● **Brief**
Each line of the data below between the one containing "在污泥泵進泥壓力達到設定壓力" and the one containing "The Luxury Feather", both included, is to be repeated exactly. Please omit pictures.

___ Data for analysis ___

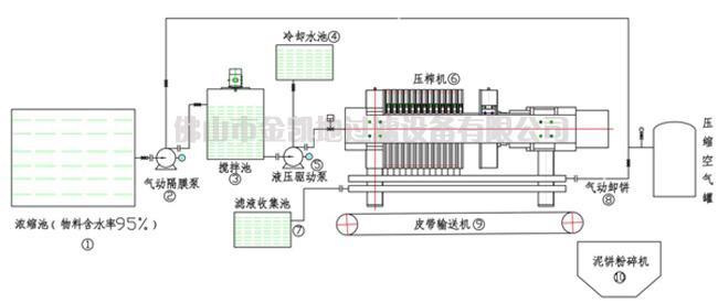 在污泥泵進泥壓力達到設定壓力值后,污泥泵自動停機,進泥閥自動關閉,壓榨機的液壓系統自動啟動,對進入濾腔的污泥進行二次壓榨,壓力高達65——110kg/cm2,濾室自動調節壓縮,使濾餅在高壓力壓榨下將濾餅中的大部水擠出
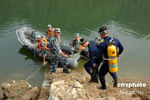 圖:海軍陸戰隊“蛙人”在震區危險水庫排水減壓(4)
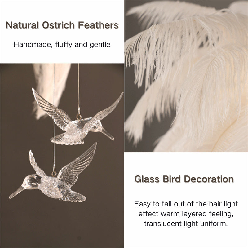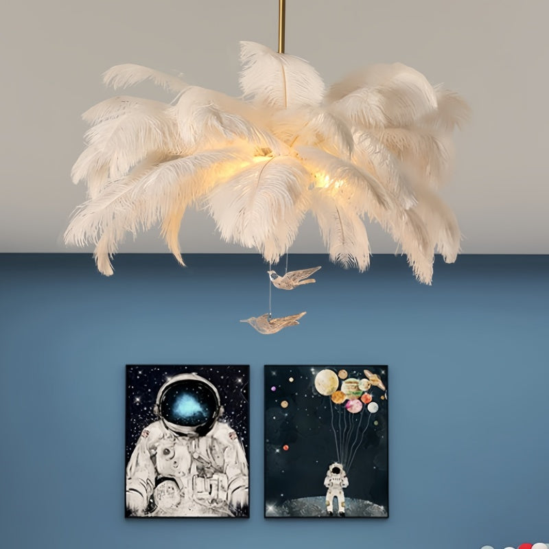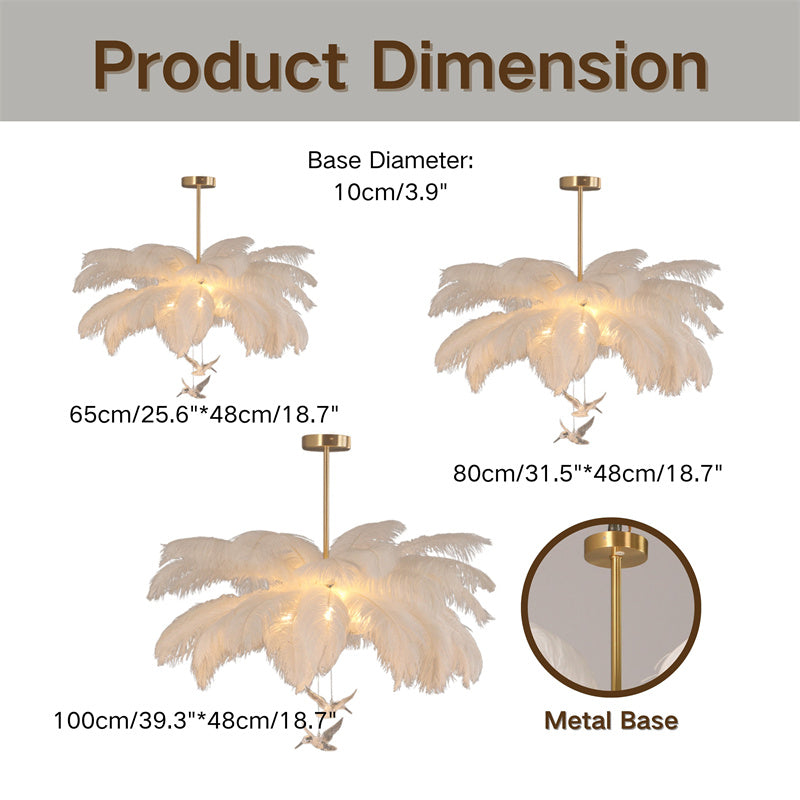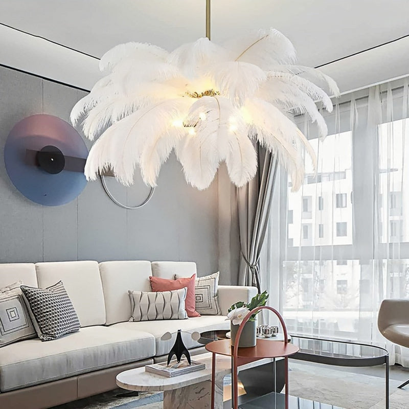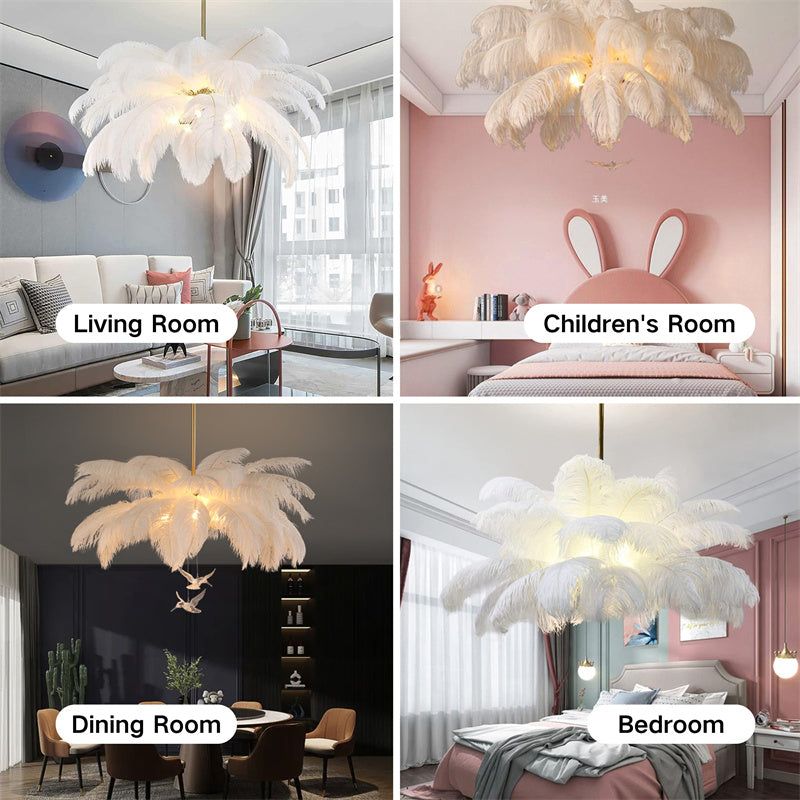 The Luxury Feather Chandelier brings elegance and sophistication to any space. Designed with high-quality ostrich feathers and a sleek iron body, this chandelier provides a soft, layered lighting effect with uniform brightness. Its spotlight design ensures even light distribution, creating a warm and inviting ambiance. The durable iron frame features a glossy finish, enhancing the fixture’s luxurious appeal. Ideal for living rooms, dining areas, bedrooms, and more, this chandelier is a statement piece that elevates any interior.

___
___ Data for analysis ___

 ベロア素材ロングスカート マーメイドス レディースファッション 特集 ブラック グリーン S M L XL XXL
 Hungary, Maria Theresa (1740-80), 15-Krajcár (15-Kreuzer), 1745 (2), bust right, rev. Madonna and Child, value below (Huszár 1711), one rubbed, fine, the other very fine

___

● **Output of the exercise**
 在污泥泵進泥壓力達到設定壓力值后,污泥泵自動停機,進泥閥自動關閉,壓榨機的液壓系統自動啟動,對進入濾腔的污泥進行二次壓榨,壓力高達65——110kg/cm2,濾室自動調節壓縮,使濾餅在高壓力壓榨下將濾餅中的大部水擠出
 圖:海軍陸戰隊“蛙人”在震區危險水庫排水減壓(4)
 The Luxury Feather Chandelier brings elegance and sophistication to any space. Designed with high-quality ostrich feathers and a sleek iron body, this chandelier provides a soft, layered lighting effect with uniform brightness. Its spotlight design ensures even light distribution, creating a warm and inviting ambiance. The durable iron frame features a glossy finish, enhancing the fixture’s luxurious appeal. Ideal for living rooms, dining areas, bedrooms, and more, this chandelier is a statement piece that elevates any interior.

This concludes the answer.